Above might well be one of my favorite shots that emerged from Overdrive‘s cover shoot with Texas independent Zach Beadle for this month’s “Building the customer base” feature package. The shoot, led by Texas freelance photographer Brandon Wells, took place at the personal ranch of the gentleman at the center of the photo above, Kelley Thigpen, co-operator with Frank Helvey of Pearsall Livestock Auctions. (Thigpen is pictured with two of his sons, Dillon and Paden.)

Thigpen’s personal Diamond Ranch near Bigfoot, Texas, Beadle says, is just Southeast of Beadle’s home in Devine, and Beadle and Thigpen have built a close business relationship over the years. Beadle says he square in the center of the “authentic cowboy tradition that makes part of my success possible.”

Originally, Wells and Beadle had it worked out to do the shoot “at the pens of the Southgate Ranch in Floresville, Texas,” Beadle says, where Thigpen “was going to be working cattle in preparation for the end-of-year cattle sale” that Beadle would be hauling too very soon after.

Plans changed at the last minute, however. Thigpen wasn’t “able to hire enough help for that day, so he told me that he was going to be at his personal ranch testing bulls and that we could come there to do the pictures. As it turned out, it was really the only ‘best for all concerned’ and ‘best environment’ way of getting this done,” Beadle says.
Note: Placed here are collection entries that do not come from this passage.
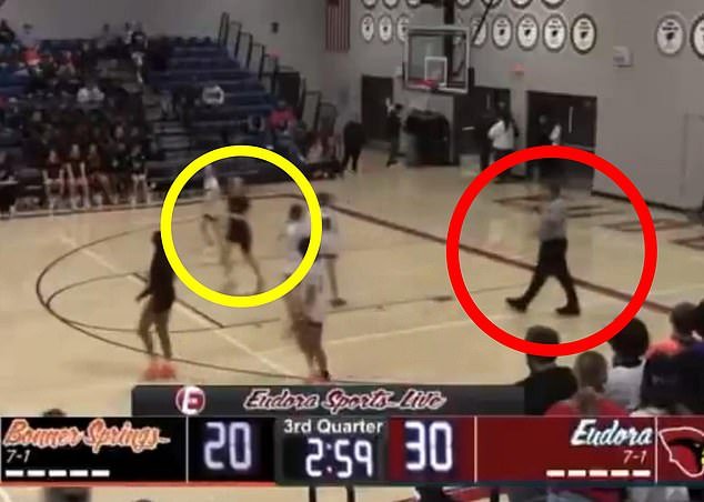 Un árbitro (círculo rojo) en un partido de baloncesto femenino de una escuela secundaria de Kansas expulsó a una jugadora (círculo amarillo) después de que ella pareció decirle algo.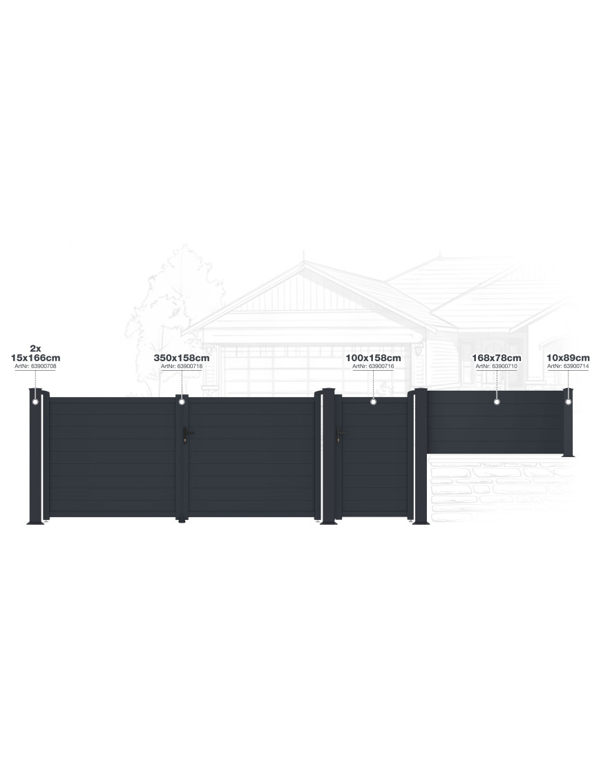 Prispôsobiť si takto na mieru môžete všetky diely plotových systémov G21 Orlando alebo Marion, či už ide o bránky, brány alebo plotové polia.
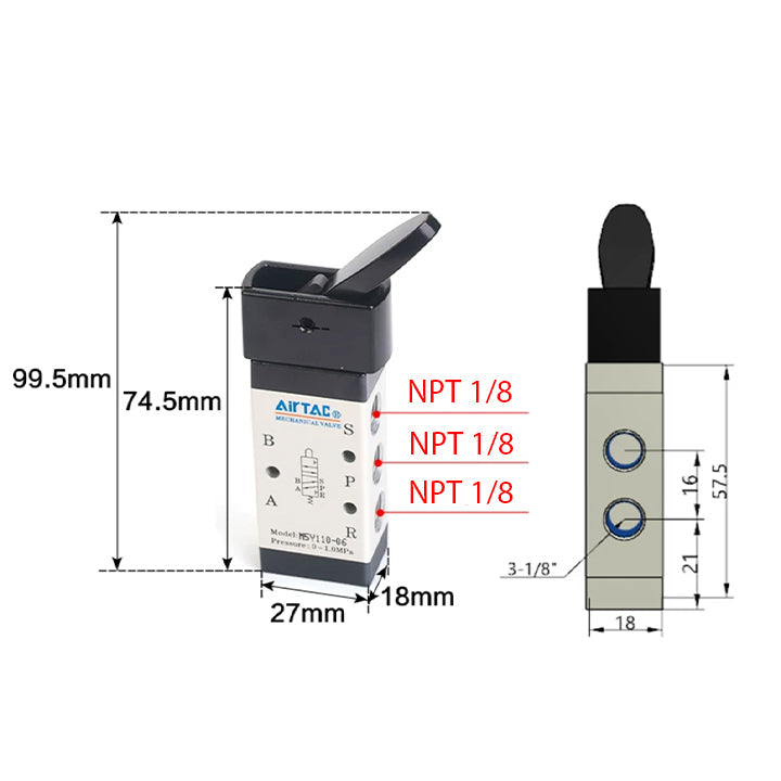 Structure: M type five two,Specifications: Rocker Arm Type Manual Valve,Series: 100 series single control,Nozzle caliber: 1/8",Tooth type: NPT tooth,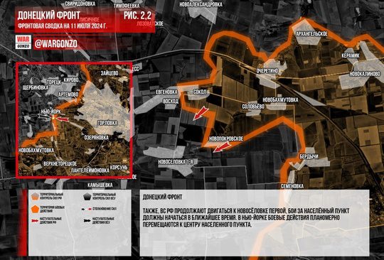 Боевые действия в Нью-Йорке постепенно смещаются к центру города. На Александро-Калиновском направлении продолжаются бои на подступах к Дзержинску (Торецку), где российские войска вытесняют противника со своих позиций. Возникают проблемы также в Дружбе, Кирово и Новгородском.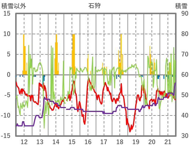 | 日 | 時 | 気温 | 降水 | 風向/風速 | 日照 | 積雪 | 降雪 |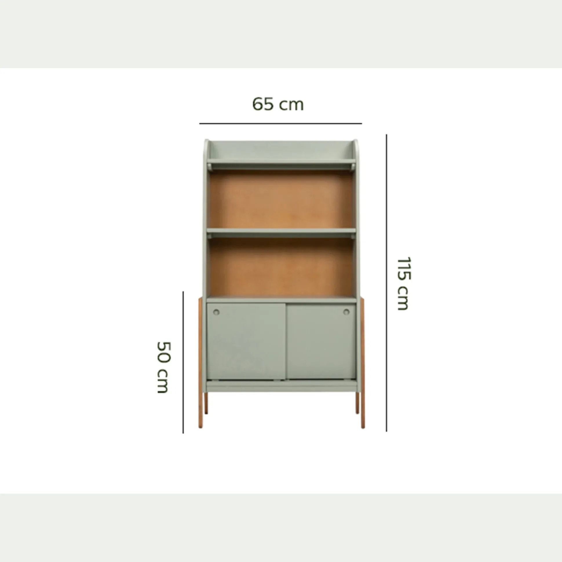 Spécialement conçue pour les enfants, la bibliothèque Raphaël permet de faire de l’ordre dans la chambre à coucher de votre bambin. Ici dans un beau coloris vert olivier, elle apportera une note naturelle de caractère à la décoration de la pièce.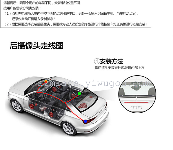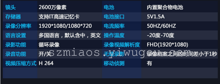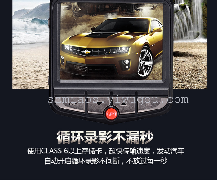 1)LCD屏幕尺寸: 2.4英寸 2) 1/3 500万 CMOS sensor 3) 视频分辨率:1920*1080(30帧数/秒) 4) 照片像素: 1200万 5)视频格式:MOV 6)电视输出:NTSC/PAL 7)机器输入电压电流:5伏 500毫安 8)Micro SD存储卡, 可最大支持32GB 9)内置 Mic/ speaker 10)菜单语言(可选):英//中 11)电池:内置锂聚合物电池 12) 接口: HDMI/USB 13)电脑系统要求: Windows 2000/XP/Vista 配件:车充、支架、说明书、USB线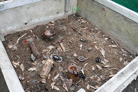 生き物が暮らす「ビオトープ」で、池に住む生き物や、カブトムシの観察をしました。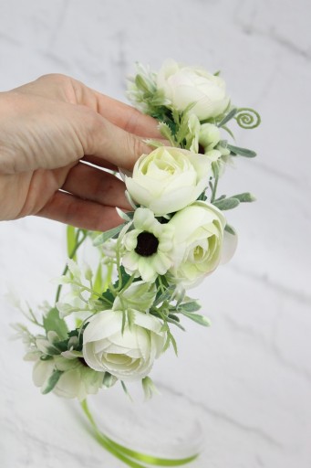 Prześliczny i niebywale zwiewny wianek ślubny, pełen kwiatów peoni i rumianku w odcinaniach kremu i zieleni, zdobiony dekoracyjnymi listkami bluszczu oraz traw.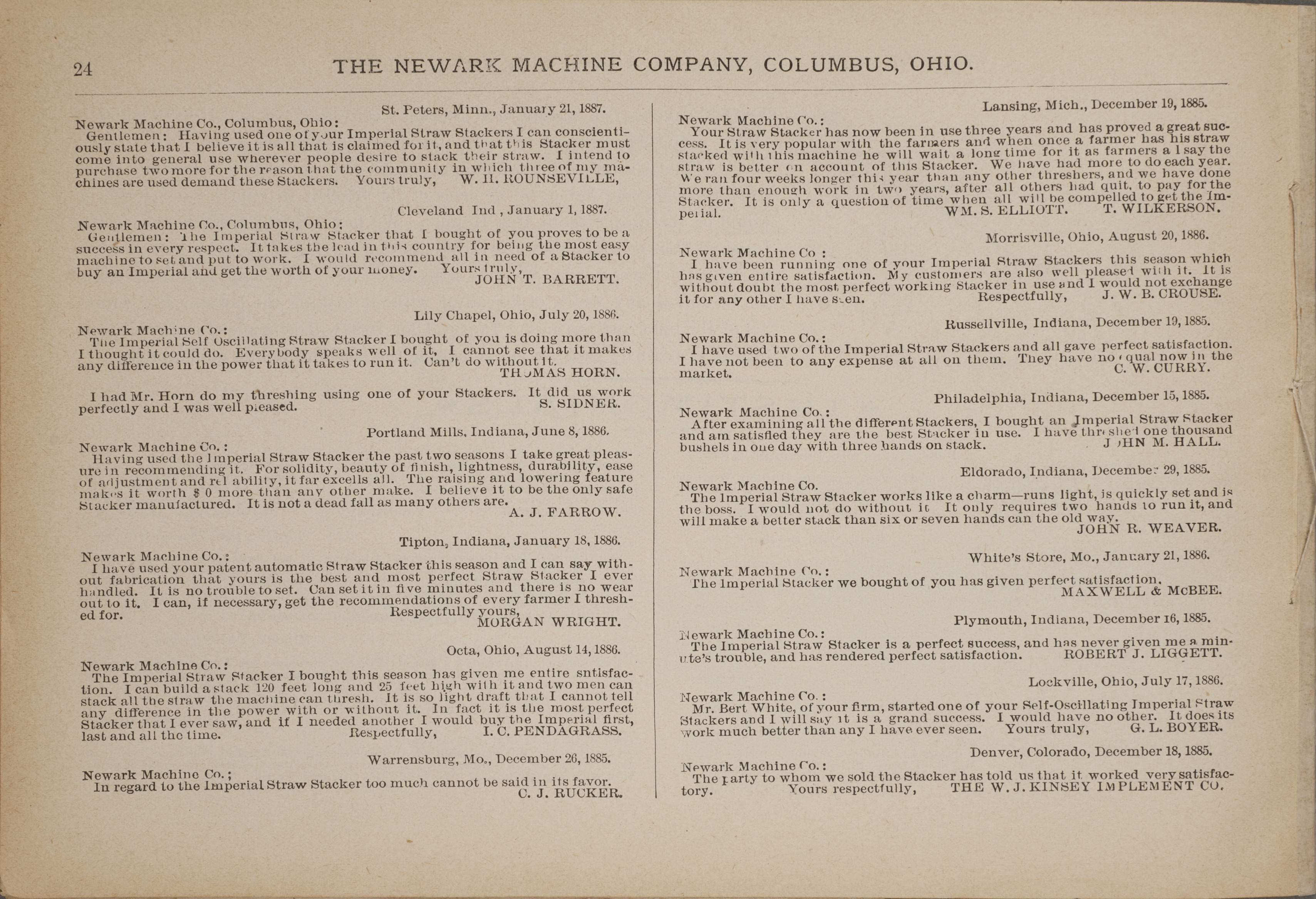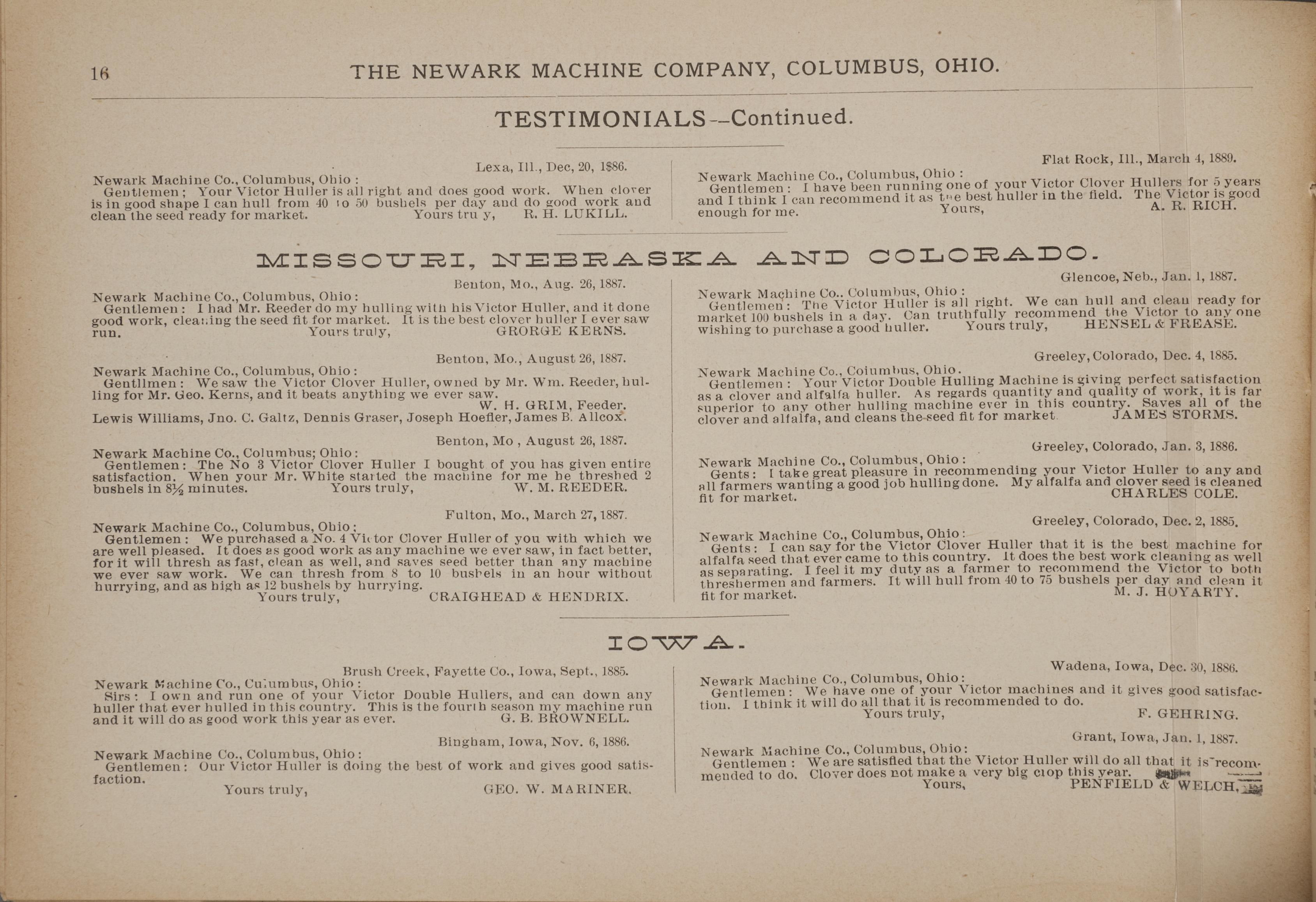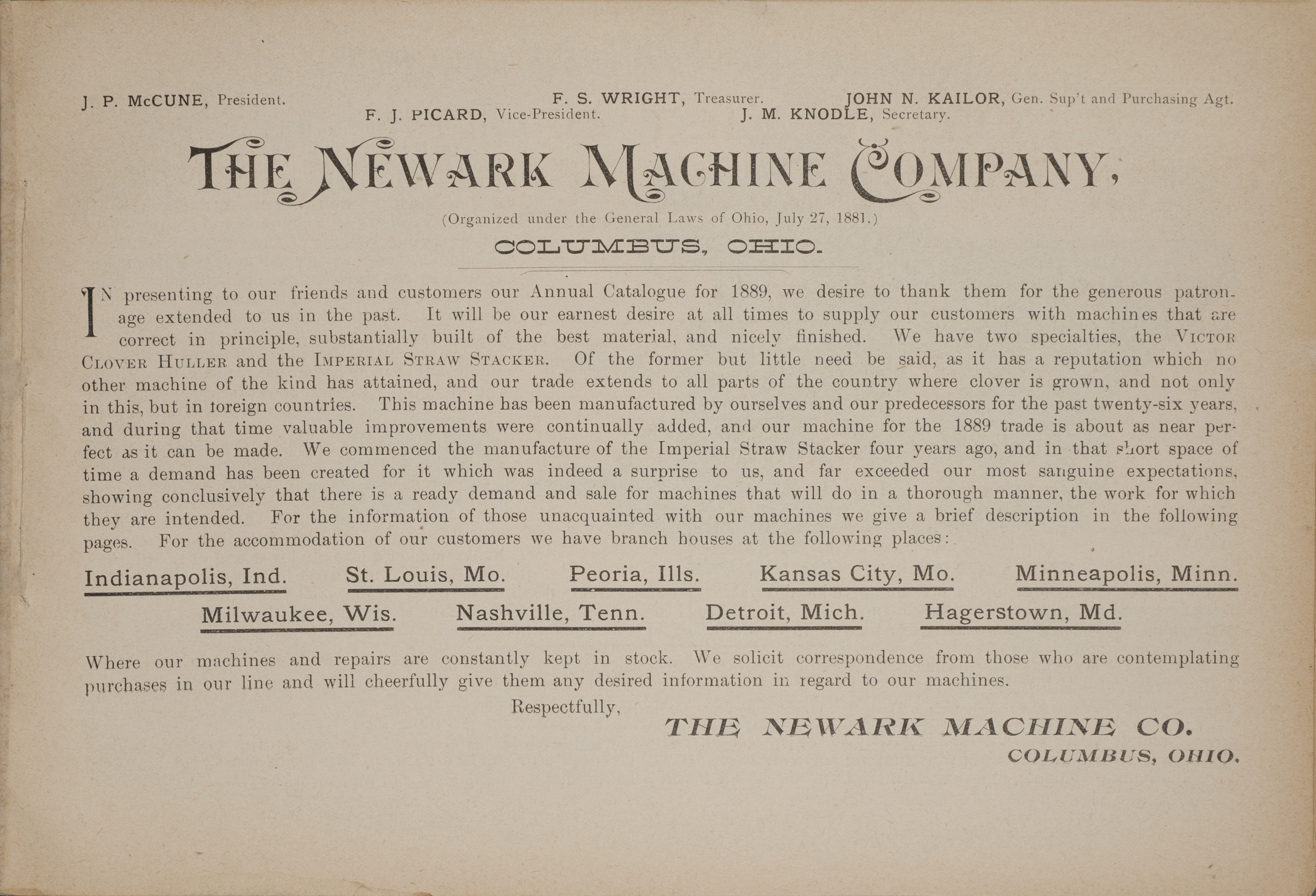 - "Newark Machine Company catalog", Agricultural Machinery Literature Collection, Iowa State University Library Digital Collections

Zach-Beadle-and-his-Pete-Wilson-combo

Well agreed, here. How ’bout you?

“The activity at the Southgate would have been too much like business for all the setups and staging that we did at the Diamond Ranch,” Beadle says, ultimately.

A Godsend, in the end, he says, of a piece with Beadle’s thoughts on just why things have worked out as well as they have for his long-running 1976 Peterbilt, multiple trailers and direct-freight clients and, overall, his one-truck business. While he’s put in the time and work in a painstaking manner over his many years building it all, he says, he sees higher powers at work as well. “That’s how I believe things work out, and that’s how my life has been since my conversion experience in the Lord at 19 years of age in 1976. …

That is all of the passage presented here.